Future research should explore whether REMS can serve as a main diagnostic tool for both primary and secondary osteoporosis and assess its performance across various comorbidities and demographic groups. Additionally, longitudinal studies are required in order to establish the role of fragility score as a reliable fracture risk predictor. Comparative studies with further imaging technologies such as lateral DXA imaging, quantitative computed tomography, or other advanced diagnostic techniques (which are scarcely available at the moment) may strengthen the evidence for REMS.

5. Conclusions

This systematic review provides a comprehensive evaluation of REMS as an emerging imaging modality for osteoporosis diagnosis and fracture risk assessment, highlighting its diagnostic performance, clinical utility, and economic implications. The findings indicate that REMS demonstrates diagnostic accuracy comparable to DXA, with high concordance, sensitivity, and specificity. However, in patients with chronic conditions, unique bone status characteristics may influence REMS-DXA correlations, emphasizing the need for tailored assessments.

Furthermore, REMS-derived FS shows strong potential in predicting fragility fractures, offering a valuable tool for improving fracture risk stratification alongside the classical bone parameters.
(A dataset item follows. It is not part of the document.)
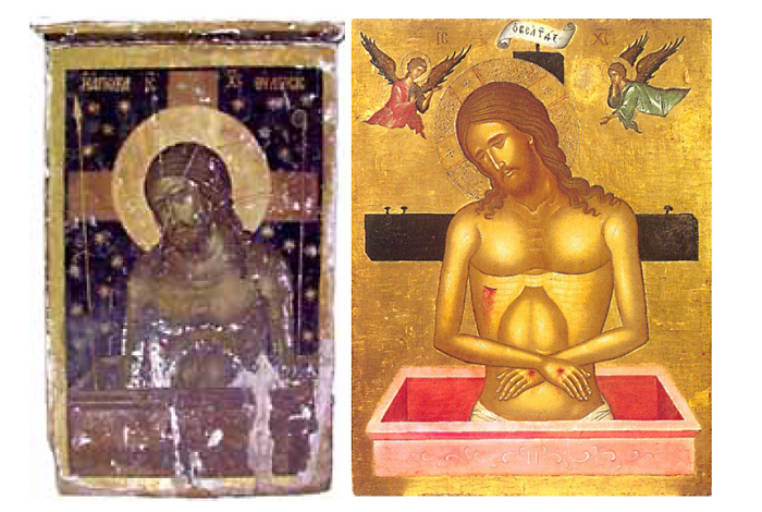 Сложнее с определением фигур держащих Христа за руки у локтей. Известны изображения умершего Христа поддерживаемого ангелами. Этот сюжет используется западными художниками XIV-XV веков. Варианты различны - один, два или три ангела поддерживают тело умершего Христа.

Beyond its diagnostic capabilities, REMS presents significant clinical advantages, including portability, cost-effectiveness, and the ability to provide radiation-free monitoring. These attributes make it particularly beneficial for radiation-sensitive populations, such as pregnant women, children, and individuals requiring frequent imaging, as well as for frail or mobility-impaired patients. Additionally, REMS addresses specific limitations of DXA, such as the overestimation of BMD due to imaging artifacts from vertebral fractures, osteoarthritis, and vascular calcifications.

Despite these promising attributes, the long-term performance of REMS remains to be fully established. The relatively limited availability of comparative studies with DXA, the predominance of cross-sectional research, and the lack of extensive data on diverse populations, including non-Caucasian individuals and those with high BMI, underscore the need for further investigation. Future studies should explore REMS’ applicability across various comorbidities, validate FS as a reliable fracture risk predictor, and assess its role as a primary diagnostic tool for osteoporosis.